Мезенцев рассердился:

— Дурак ты! Ты думаешь, я и сам не понимаю, где тут разница? Только я тебе одно скажу: если у Тургенева люди много чувствовали, то мы должны во сто раз больше чувствовать. Как они там ни расписаны, а перед нами они щенки. У него полюбил, например, неудачно или кто близкий умер, вот он и переживает. А у нас что — все удачно любят? Или никто у нас не умирает? Только наши еще при этом работают. Может, он от несчастной любви страдает, а он в стратосферу летит, он на Арктику едет, он Магнитку строит. Я вот о себе скажу. Что я? Мальчишка. А возьми меня, пожалуйста, рядом с тургеневскими. Я, может быть, тоже куда больше чувствую. Знаешь, что я тебе скажу? Вожди — ты что думаешь? Они больше нашего чувствуют. Каждый-то из них живой человек. Только, конечно, умеют молчать. Это мне один старый большевик в Воронеже говорил: «Такая наша наука. Ногу тебе режут, сердце на клочки рвут, живьем в землю закапывают, а ты молчи. Поэтому и победили». Я так думаю: чем у человека больше чувств, тем он на вид суровей. Только если ты скажешь, что это работе мешает, я тебя цифрами забью, Чувство не вымеряешь, а древесину, пожалуйста, — считай на кубометры. И нет без чувств людей, разве что бревна, да и то дерево тоже чувствует…

Мезенцев с такой легкостью говорил о кубометрах потому, что в этот день они обогнали время. Осень теперь может торопиться, река мельчать, Архангельск нервничать: комсомольцы идут впереди. Кубометры тают, как сугробы в апреле. Лес исчезает, пустеют берега. Это победа.

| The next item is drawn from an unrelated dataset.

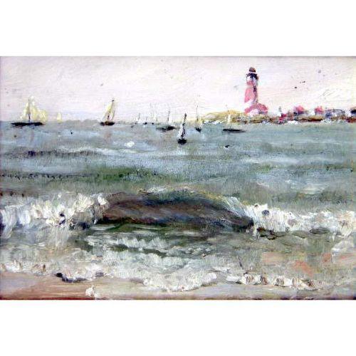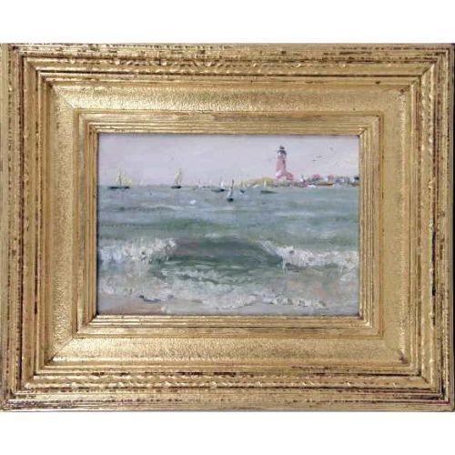 A FRAMED OIL ON BOARD<BR><BR>Depicting Barnegat Lighthouse, NJ, 5"h x 7"w
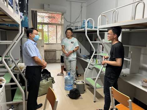 除了迎新外场,党委副书记陈武和机电院导员周蕾还一同前去新生宿舍,向新生们传达欢迎与祝福。陈书记亲切地同新生们聊了每个人所来自的省份,对西安的认识。并询问对学校的饭菜等条件是否满意。最后向同学们了解了导师的情况,叮嘱大家要保持良好的精气神,认真学习,认真科研,同时也要注意疫情下要做好防护工作,并给新生们分发了学院的定制口罩。

Лесостоянка находится недалеко от города. Город зовут Великим Устюгом. Это прекрасный, путаный и непонятный город. Такого Мезенцев и во сне не выдумает, хотя сны у него странные: Тургенев играет с пропсами, сосны плачут терпентиновыми слезами, а Варя превращается в тот залом, где разбирая древесину, люди вскрикивают и гибнут. Можно конечно, сказать об этом городе: мертвый город. Столько в нем воспоминаний, что грудной младенец перепугается и закричит. Тени ходят по улицам, века заглядывают в окошко, дружески стучат ставней, подмигивают зайчиками. Но секретарь горсовета преспокойно говорит:

— Мы превратим Устюг в образцовый город. Прежде всего надо положить мостки на Красной улице, против Дома пионеров, а то там и пройти нельзя…

Летопись рассказывает о том, как в 1192 году казанские татары подошли к Великому Устюгу; они лестью взяли город и разграбили его. Потом приехал ханский баскак. Потом нагрянули новгородцы. Потом вероломный князь Василий Косой жег дома и вешал людей. Потом устюжане отбивались от черемис. Потом была чума и моровая язва.

Что ни площадь, то тень прошлого. В городе сорок три церкви. Они распадаются, как будто они сделаны из песка. Они гниют. Это каменные покойники с золотыми нимбами, с райскими яблоками и с тяжелыми медными слезами. Они пахнут плесенью, ладаном, смертью. На изразцах еще можно прочесть: «Дух мой не для ноздрей твоих». Но кто читает старые надписи? У людей и без того уйма дел: они устраивают водный техникум, они стоят в хвосте возле булочной, они читают Гегеля и они кладут мостки на грязные, размытые дождями улицы.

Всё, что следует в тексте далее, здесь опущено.